Rural residents who live far from cities are slightly less likely to commute to work alone than their metropolitan counterparts, a new study from the University of Minnesota Rural Health Research Center says.
The study found that while 80% of metropolitan residents commuted solo to work, only 76% of residents who lived far from a metro or small city did.
Because they live farther from cities, we might think rural residents have a longer commute time. But metropolitan residents actually are more likely than nonmetro residents to have long commutes. More than a third of metropolitan workers drive a half hour or more to work, while less than a quarter of residents in remoter rural nonmetropolitan counties drive that far to get to work.
Commuting patterns in so-called “micropolitan” counties were unique (micropolitan counties are those outside metro areas that have cities of 10,000 to less than 50,000 residents, generally speaking).

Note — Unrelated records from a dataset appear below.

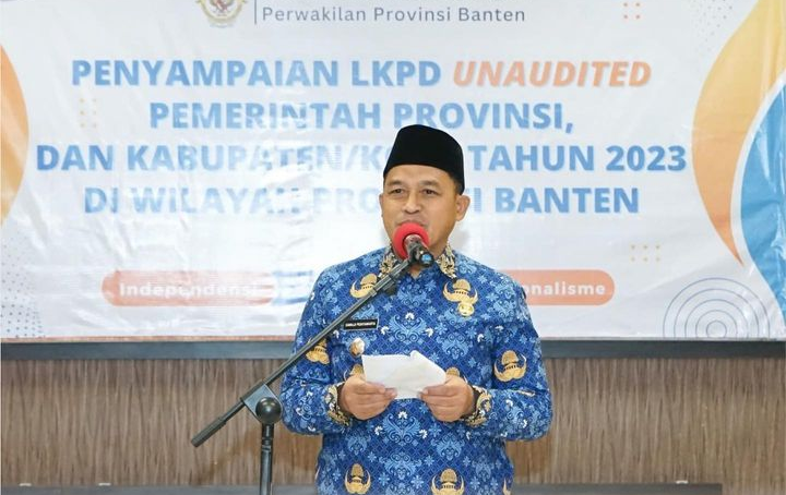 Cilegon, iNst Media – Wakil Wali Kota Cilegon Sanuji Pentamarta didampingi Sekretaris Daerah Kota Cilegon Maman Mauludin beserta jajaran hadiri acara Penyampaian Laporan Keungan Pemerintah Daerah atau LKPD Unaudited Pemerintah Provinsi dan Kabupaten / Kota Tahun 2023 di wilayah Provinsi Banten yang digelar di Badan Pemeriksa Keuangan (BPK) RI Perwakilan Provinsi Banten pada Senin, 18 Maret 2024.
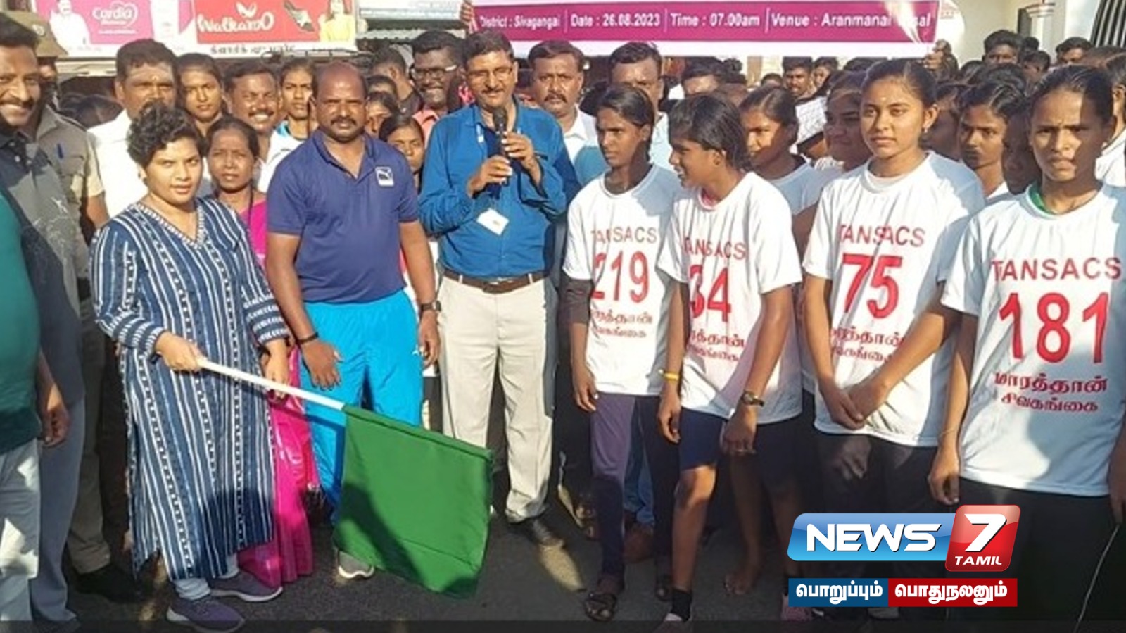 உலக இளைஞர் தினத்தை முன்னிட்டு தமிழ்நாடு எய்ட்ஸ் கட்டுப்பாட்டு கழகம் சார்பாக சிவகங்கையில் சிறப்பு விழிப்புணர்வு மாரத்தான் போட்டியை மாவட்ட ஆட்சியர் ஆஷா அஜித் கொடியசைத்து துவக்கி வைத்தார்.
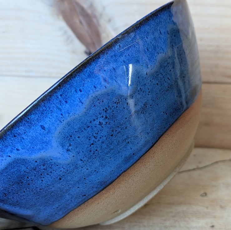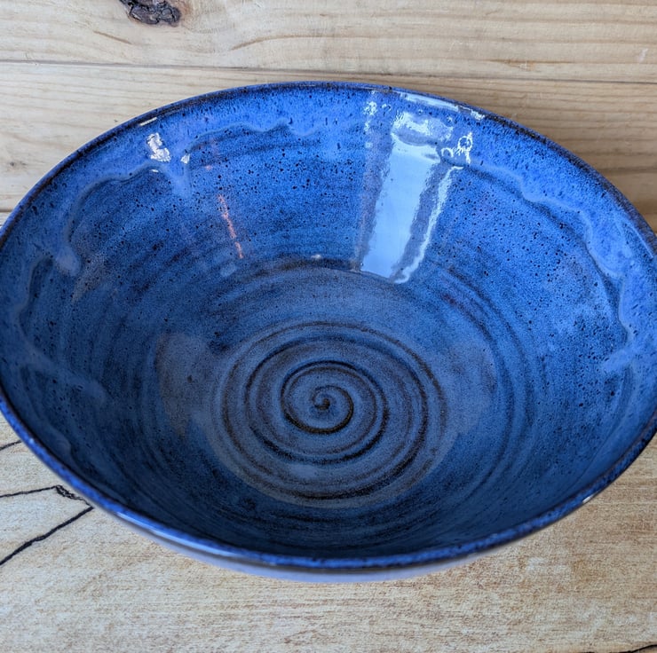 One of my largest bowls to date with a swirl in the base...would make a great serving bowl. Love the way the blue glaze floats so it comes out differently on every piece. I've also used a toasted clay this time and left the bottom section unglazed outside to show off the clay.
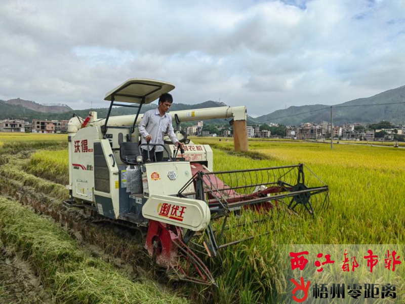 梧州零距離網-西江都市報訊(記者 陳益銘 通訊員 羽冬梅 黃錦霞)眼下正值晚稻豐收季。趁著晴好天氣,岑溪市各鄉鎮農戶陸續開鐮收割晚稻。
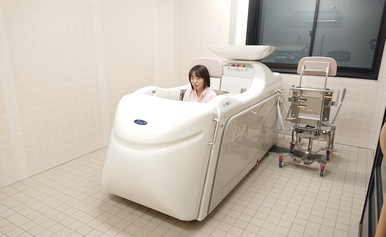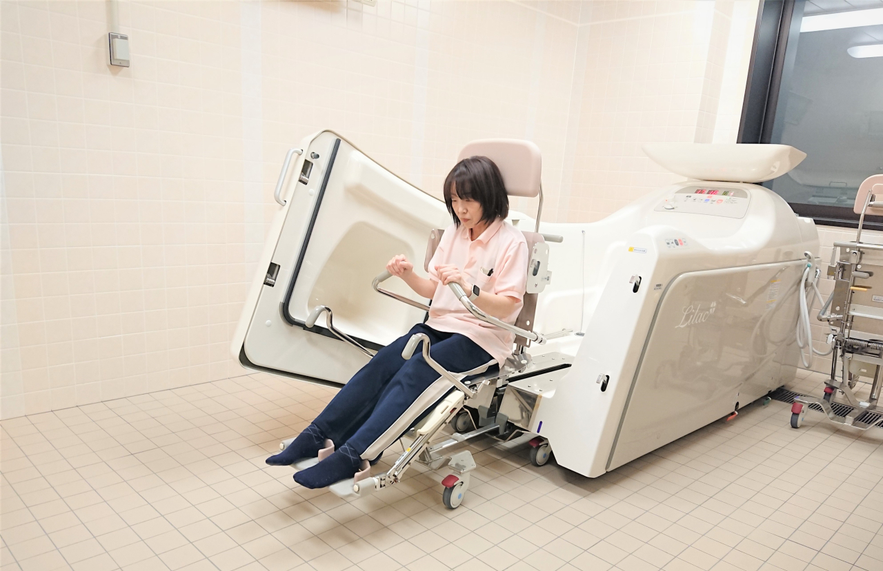 居室での入浴が困難な方でも入浴可能な特浴機を完備しております。座ったまま入浴していただくことができます。
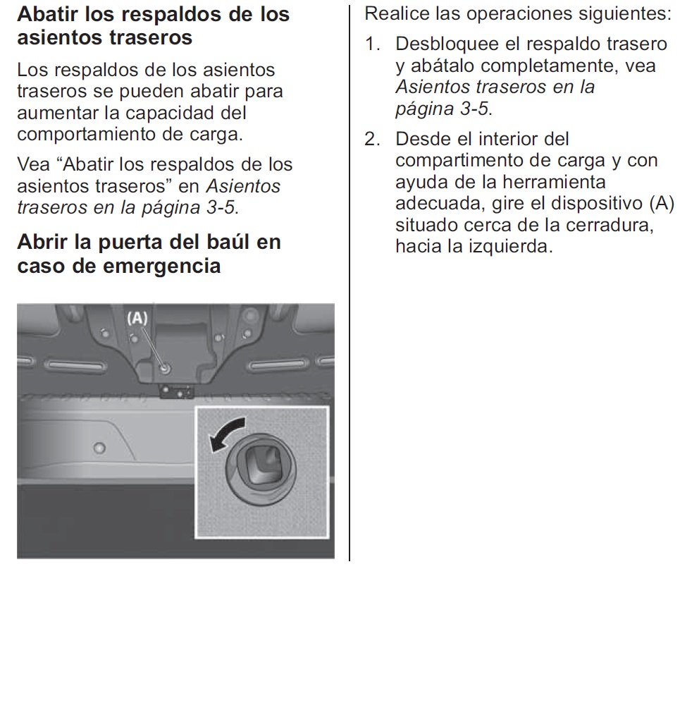 Hola. El manual te dice cómo hacer para destrabar el baúl desde el interior en la sección 4-4. Ahí va la imagen.
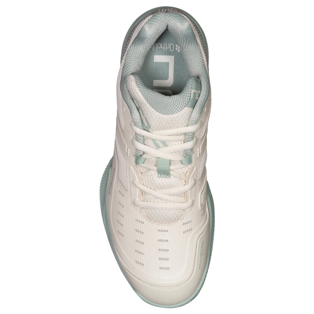 Cette version féminine se distingue par son coloris Beige raffiné, rehaussé de touches vert clair qui lui confèrent une allure fraîche et moderne sur le court.
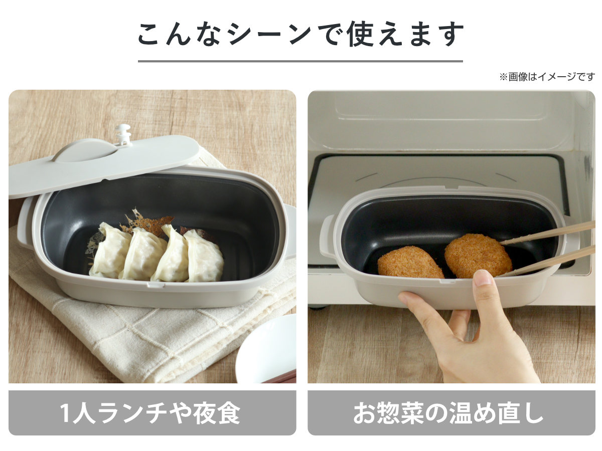 フライパンを出すのが面倒なときでも、冷凍餃子をレンジでサッとこんがり調理。火を使わず安全なので、子どもや高齢者でも安心。また、お惣菜の温め直しもできるので、疲れた日や忙しい日頼れるアイテムです。
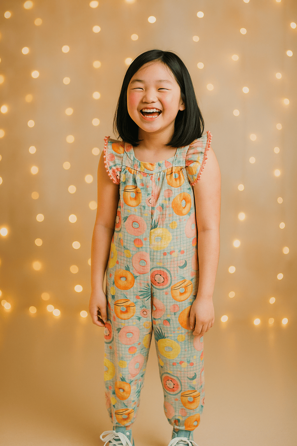 Apresentamos um divertido macacão infantil longo, perfeito para os dias quentes com um toque de alegria e conforto! Este macacão é em um vibrante tom de azul claro com estampa quadriculada discreta, e é adornado com uma estampa lúdica de frutas e donuts em cores pastéis como rosa, laranja, amarelo e verde.
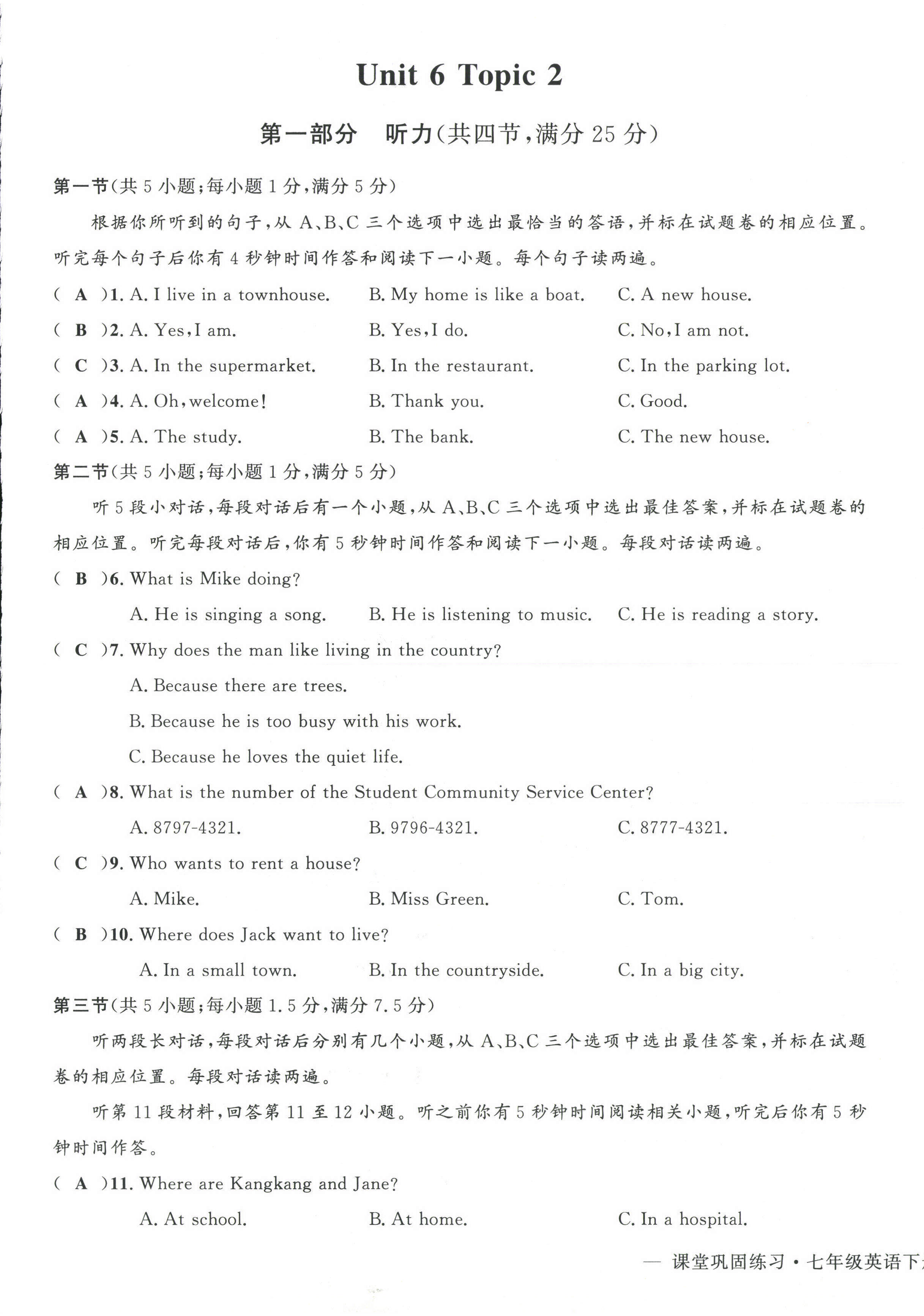 注:目前有些书本章节名称可能整理的还不是很完善,但都是按照顺序排列的,请同学们按照顺序仔细查找。练习册 2024年课堂巩固练习七年级英语下册仁爱版 答案主要是用来给同学们做完题方便对答案用的,请勿直接抄袭。
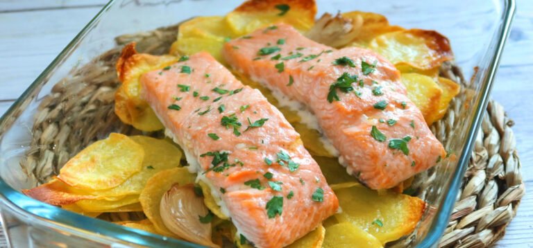 Prepara un delicioso salmón al horno con patatas y cebolla

While their commuting rates were similar to metropolitan areas, they tended to have a smaller part of the population engaging in long commutes.
The findings imply that public health officials who want to address Americans’ sedentary lifestyle should consider locality when they create programs to reduce commuting to relieve traffic congestion and pollution and improve health.
For example, walking or biking to work (called “active” forms of commuting) simply isn’t an option for people who live too far from their workplace. Infrastructure like sidewalks and bike lanes also can play a part in whether active commuting is feasible. Public transit is rarely an option, as well.
The paper doesn’t explore the possible causes of the variation in commuting patterns between urban and rural. We think the very definition of “metropolitan area” might have something to do with it. One of the criteria used to determine whether a county is in an MSA or not is the percentage of people who commute to the core urban area to work from an outlying county. When the percentage of workers who commute to a core county rises above 25 percent, the county becomes part of the metropolitan area. When that happens, all those long suburban commutes into a central city become part of the metropolitan area’s commuting data, leaving the remaining nonmetro counties with fewer commuters.
Conversely, commuting times might be lower in micropolitan areas because traffic is lighter and urban sprawl has not yet pushed workers to the fringes.